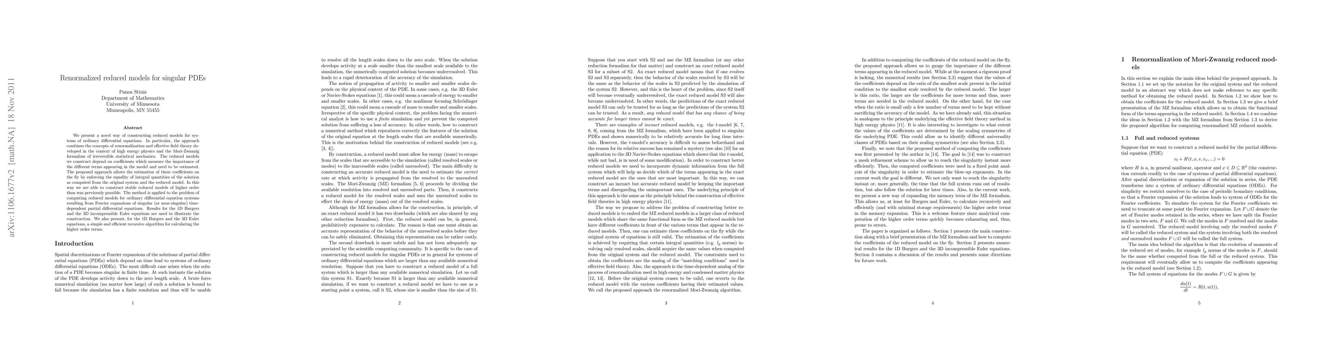 We present a novel way of constructing reduced models for systems of ordinary differential equations. The reduced models we construct depend on coefficients which measure the importance of the different terms appearing in the model and need to be estimated. The proposed approach allows the estimation of these coefficients on the fly by enforcing the equality of integral quantities of the solution as computed from the original system and the reduced model. In particular, the approach combines the concepts of renormalization and effective field theory developed in the context of high energy physics and the Mori-Zwanzig formalism of irreversible statistical mechanics. It allows to construct stable reduced models of higher order than was previously possible. The method is applied to the problem of computing reduced models for ordinary differential equation systems resulting from Fourier expansions of singular (or near-singular) time-dependent partial differential equations. Results for the 1D Burgers and the 3D incompressible Euler equations are used to illustrate the construction. We also present, for the 1D Burgers and the 3D Euler equations, a simple and efficient recursive algorithm for calculating the higher order terms.
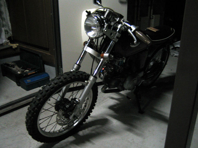 限りなく理想なカタチ | そんなこんなで、とりあえずブレーキとして機能するようになったので、ブロックタイヤのままだったが試走してみた。レバーを握るとカツカツと鳴る音がやる気にさせる。気になるブレーキの効き具合だが、ブロックタイヤの予想外な挙動に戸惑い、それどころではなかった。(汗) ブロックタイヤって乗りにくいね!! まぁセパハンにこんなタイヤ付けてるほうが悪いって話だろうケド。で、第一印象としては、ドラムよりはマシかなぁ程度。まだ当たりも出てないし、最初としてはこんなもんかな?ロックするのをビビってあんまり強く握らなかったのもあると思われる。普通のタイヤに履き替えてから、比較してみることにしよう。それより気になったのは、スピードメーターがやたらハッピーな数字を叩き出していたこと。2速で80km/h近くでるってどゆこと?(汗) 考えてみると、今まではベンリィのメーターギアを使っていたわけだが、タイヤサイズは2.25→2.75にしていた。これは直径にして約18mm大きくなり、外周にすると55mm近い差が出るのだ。今まで気にしていなかったが、メーターは結構遅い速度を表示してたっぽい…(汗) うーん、そうとは知らずに集団走行する時も飛ばしてしまってた事実を、ここで皆様にお詫びしたい。決して排気量を誇示して無駄に飛ばしていたのではなく、メーターが狂ってたんだよってことで、ご理解して頂きたく候。
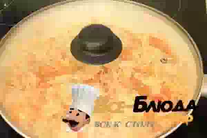 4. Поставить тушиться с овощами на медленный огонь под крышкой на 30-40 минут до желаемой мягкости капусты, добавив примерно 200 мл воды. Воду немного посолить.
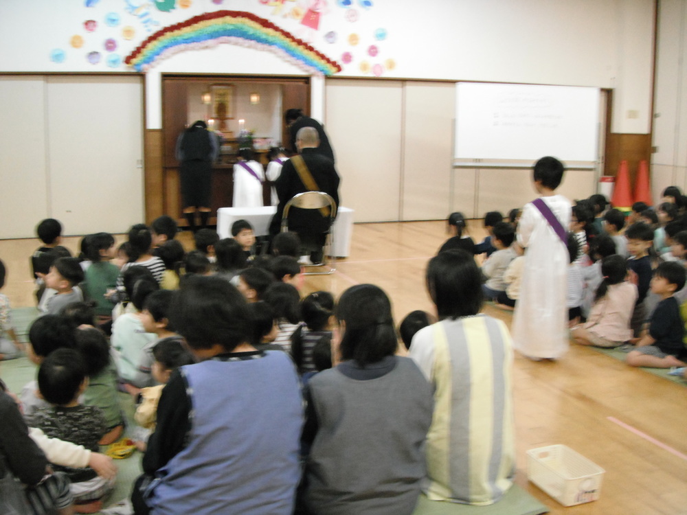 園長先生の法要とお話をしっかりと聞く子ども達です。幸せに暮らす為には、友達を好きになる事や友達に優しくする事をお話されました。

#### [EXERCISE]
Make an exact copy of all the material, but keep the pictures out of it.

#### [RESPONSE AREA]
 We present a novel way of constructing reduced models for systems of ordinary differential equations. The reduced models we construct depend on coefficients which measure the importance of the different terms appearing in the model and need to be estimated. The proposed approach allows the estimation of these coefficients on the fly by enforcing the equality of integral quantities of the solution as computed from the original system and the reduced model. In particular, the approach combines the concepts of renormalization and effective field theory developed in the context of high energy physics and the Mori-Zwanzig formalism of irreversible statistical mechanics. It allows to construct stable reduced models of higher order than was previously possible. The method is applied to the problem of computing reduced models for ordinary differential equation systems resulting from Fourier expansions of singular (or near-singular) time-dependent partial differential equations. Results for the 1D Burgers and the 3D incompressible Euler equations are used to illustrate the construction. We also present, for the 1D Burgers and the 3D Euler equations, a simple and efficient recursive algorithm for calculating the higher order terms.
 限りなく理想なカタチ | そんなこんなで、とりあえずブレーキとして機能するようになったので、ブロックタイヤのままだったが試走してみた。レバーを握るとカツカツと鳴る音がやる気にさせる。気になるブレーキの効き具合だが、ブロックタイヤの予想外な挙動に戸惑い、それどころではなかった。(汗) ブロックタイヤって乗りにくいね!! まぁセパハンにこんなタイヤ付けてるほうが悪いって話だろうケド。で、第一印象としては、ドラムよりはマシかなぁ程度。まだ当たりも出てないし、最初としてはこんなもんかな?ロックするのをビビってあんまり強く握らなかったのもあると思われる。普通のタイヤに履き替えてから、比較してみることにしよう。それより気になったのは、スピードメーターがやたらハッピーな数字を叩き出していたこと。2速で80km/h近くでるってどゆこと?(汗) 考えてみると、今まではベンリィのメーターギアを使っていたわけだが、タイヤサイズは2.25→2.75にしていた。これは直径にして約18mm大きくなり、外周にすると55mm近い差が出るのだ。今まで気にしていなかったが、メーターは結構遅い速度を表示してたっぽい…(汗) うーん、そうとは知らずに集団走行する時も飛ばしてしまってた事実を、ここで皆様にお詫びしたい。決して排気量を誇示して無駄に飛ばしていたのではなく、メーターが狂ってたんだよってことで、ご理解して頂きたく候。
 4. Поставить тушиться с овощами на медленный огонь под крышкой на 30-40 минут до желаемой мягкости капусты, добавив примерно 200 мл воды. Воду немного посолить.
 園長先生の法要とお話をしっかりと聞く子ども達です。幸せに暮らす為には、友達を好きになる事や友達に優しくする事をお話されました。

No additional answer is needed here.